Он пошел бреющим полетом, мгла сомкнулась, закрыв небо. Стала ухудшаться и видимость земли.

В те времена, особенно в Арктике, авиаторы не знали никаких наставлений по полетам. Они только получали опыт, по которому позже будут написаны эти наставления. Теперь в авиации есть железные правила «минимума» погоды. Если нет этого минимума высоты и видимости, ни один летчик не рискнет нарушить наставления. Но в том полете Масленников не знал, что своим опытом создает понятие «минимума» для будущих летчиков. Он просто летел, пока видел землю. И пришел момент, когда дальше лететь было нельзя. Надо было немедленно развернуться на хорошую погоду, оставшуюся позади. Но нужный момент был упущен, и летчик в этом вскоре убедился.
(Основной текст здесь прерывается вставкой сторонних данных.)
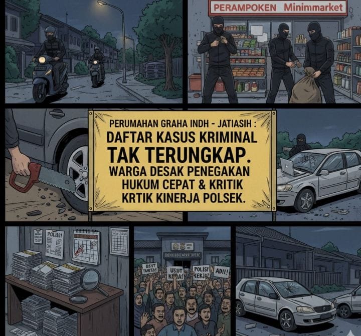 DetikSR.id BEKASI – Situasi keamanan di Perumahan Graha Indah, Kelurahan Jati Mekar, Kecamatan Jatiasih, Kota Bekasi, kini berada di titik nadir. Serangkaian kasus kriminal yang terjadi sepanjang tahun 2025 tanpa ada pelaku yang tertangkap, memuncak dengan insiden terbaru pencurian dengan pemberatan (Curas) modus pecah kaca mobil.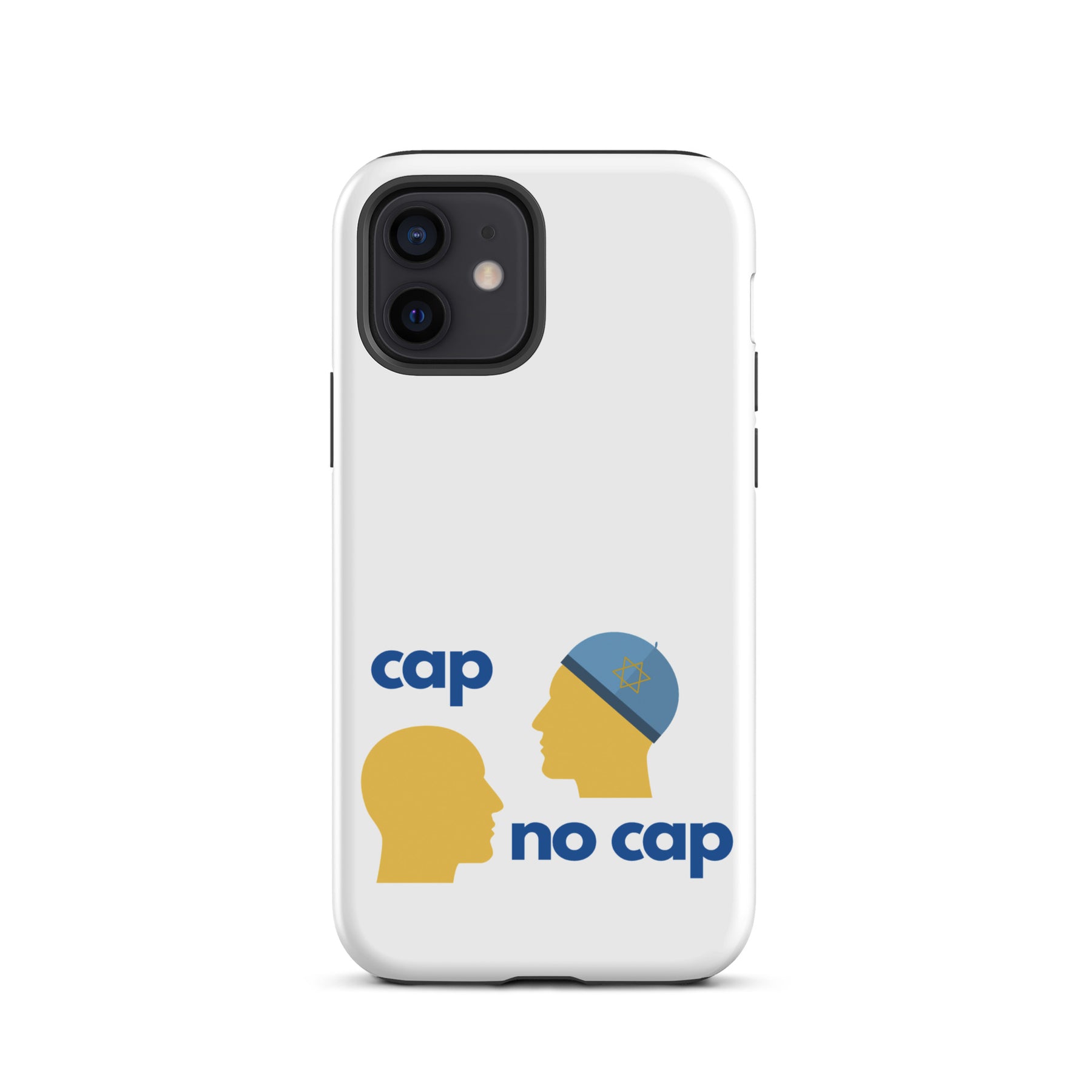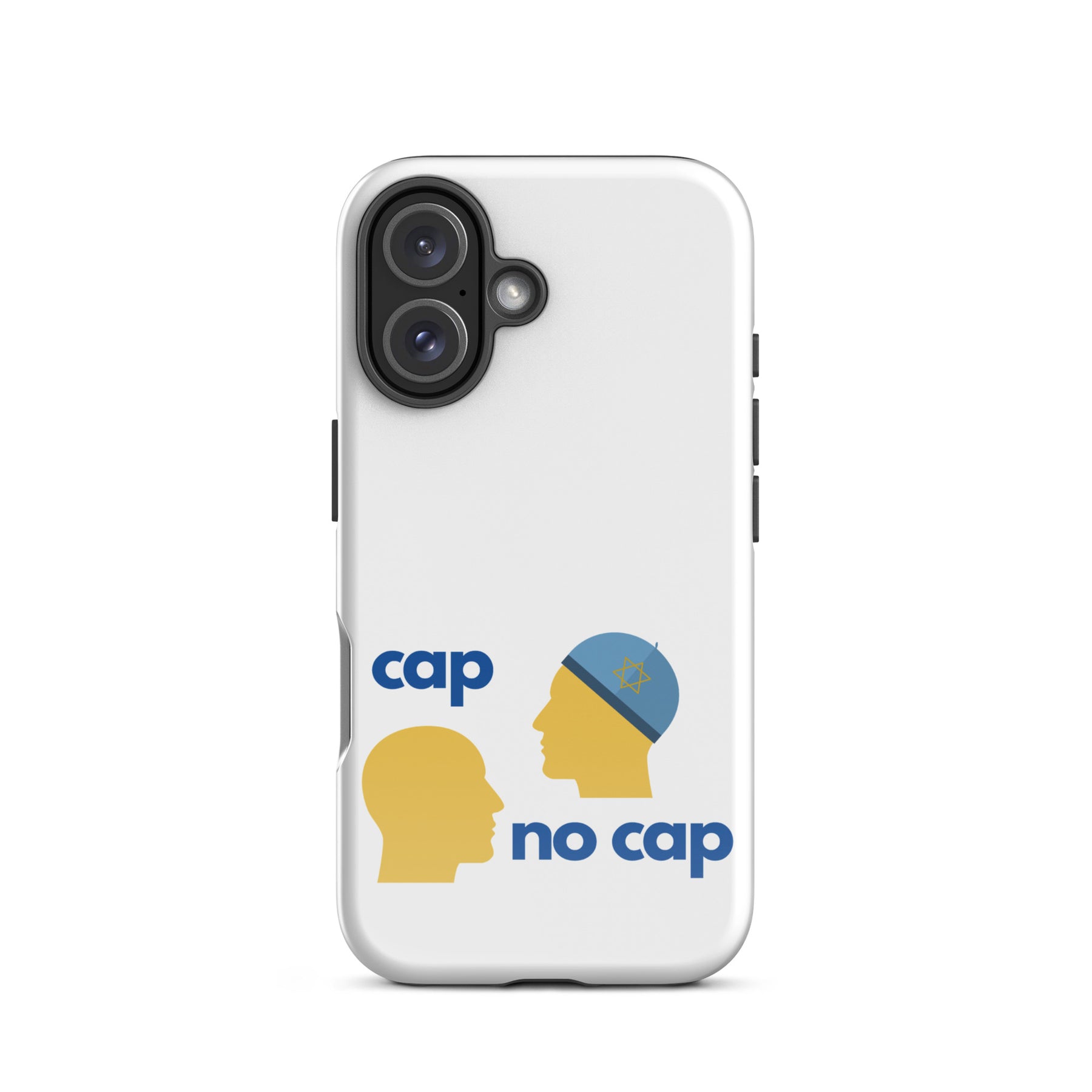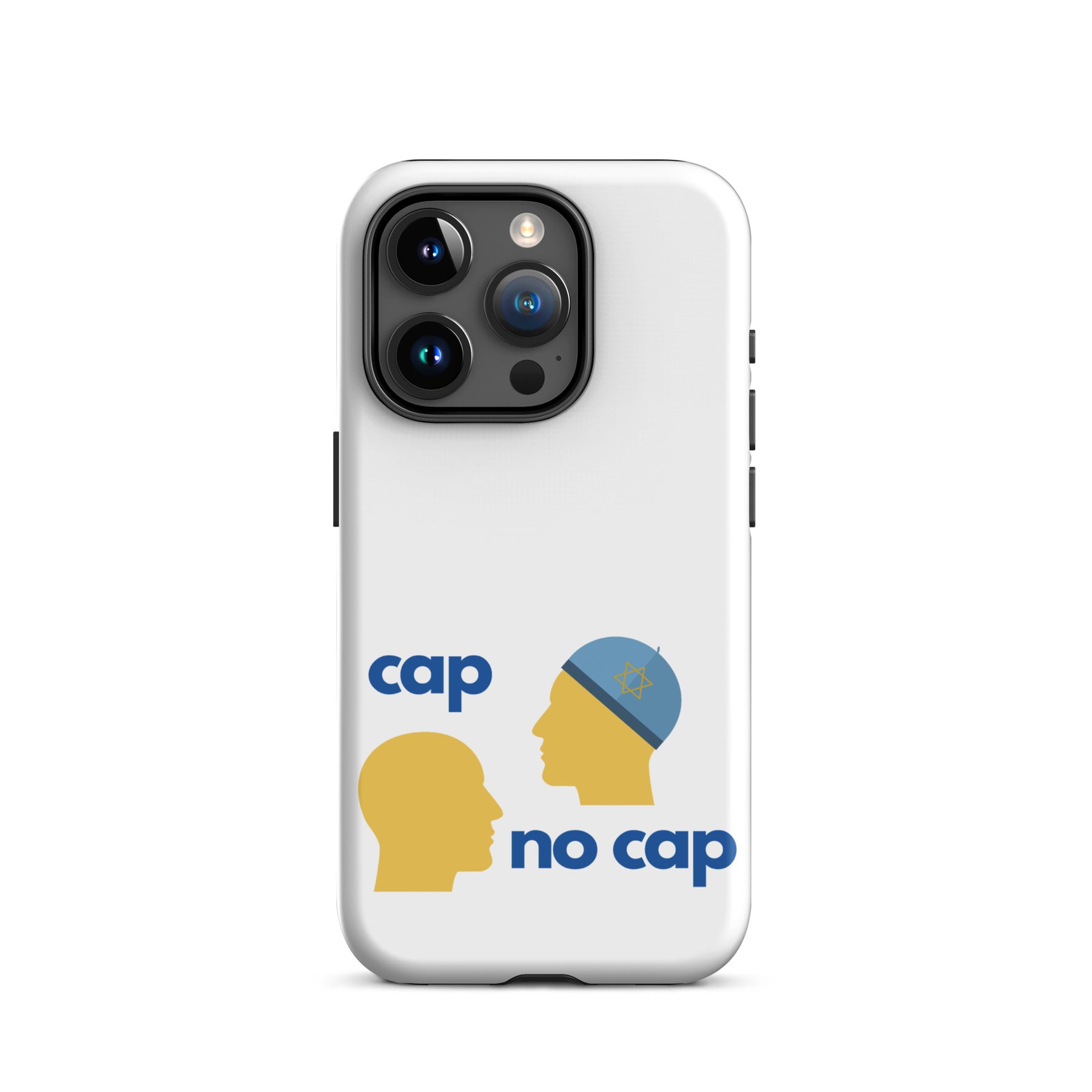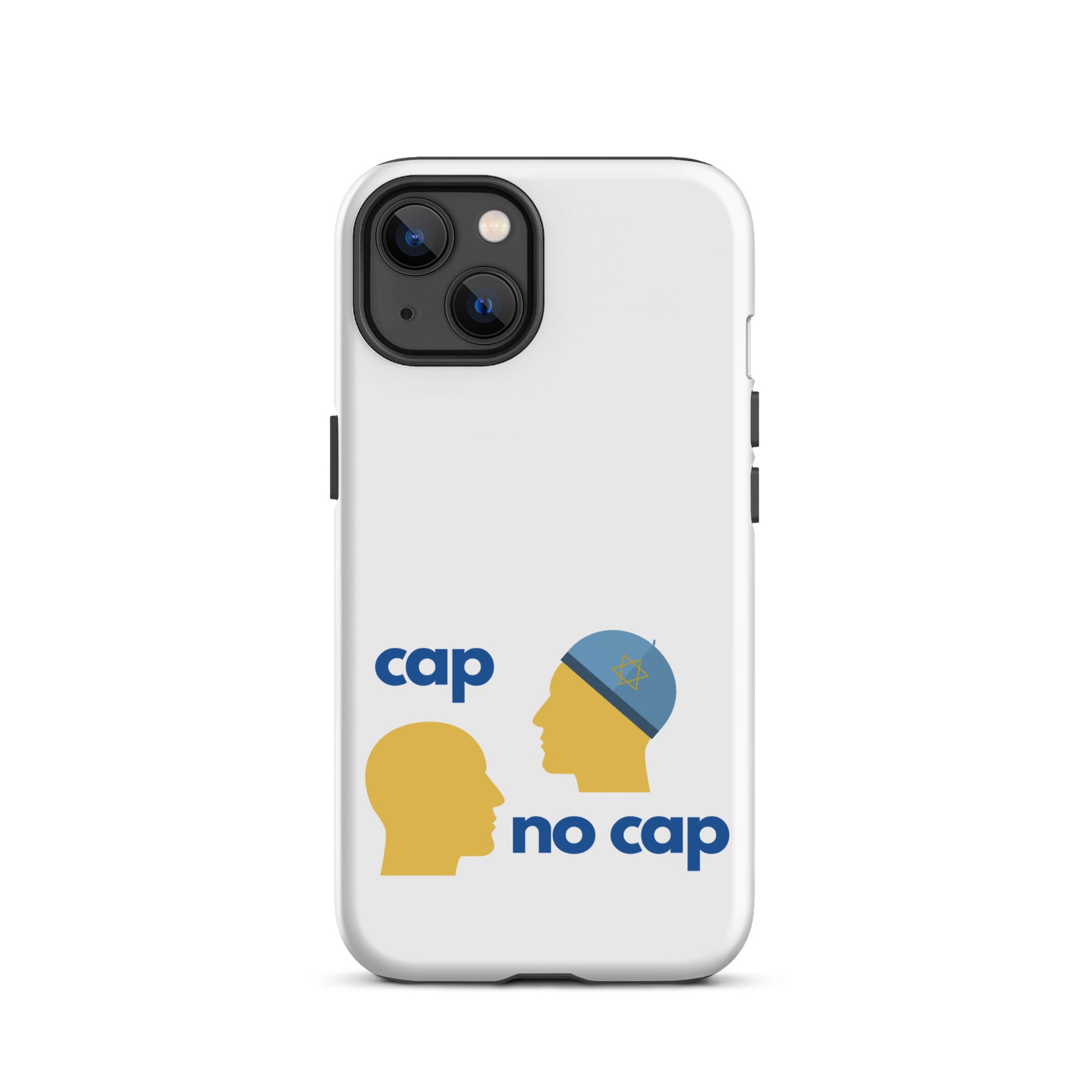 Serious protection. Zero cap. The Cap No Cap Tough Case for iPhone® turns a phrase everyone knows into a smart Jewish visual joke that also keeps your phone safe. Cap on, cap off, the truth stays the same and so does your screen.

Надежда на удачу, благоволившую до сих пор, исчезла молниеносно, когда потерялась всякая видимость и даже возможность развернуться.

Поняв, что он «влип», Масленников как чуда ждал хоть малейшего просветления, чтобы выбрать место для посадки. Каюр, шофер, моряк — водитель любого вида транспорта в таком случае может просто остановиться. Летчик всегда вынужден лететь!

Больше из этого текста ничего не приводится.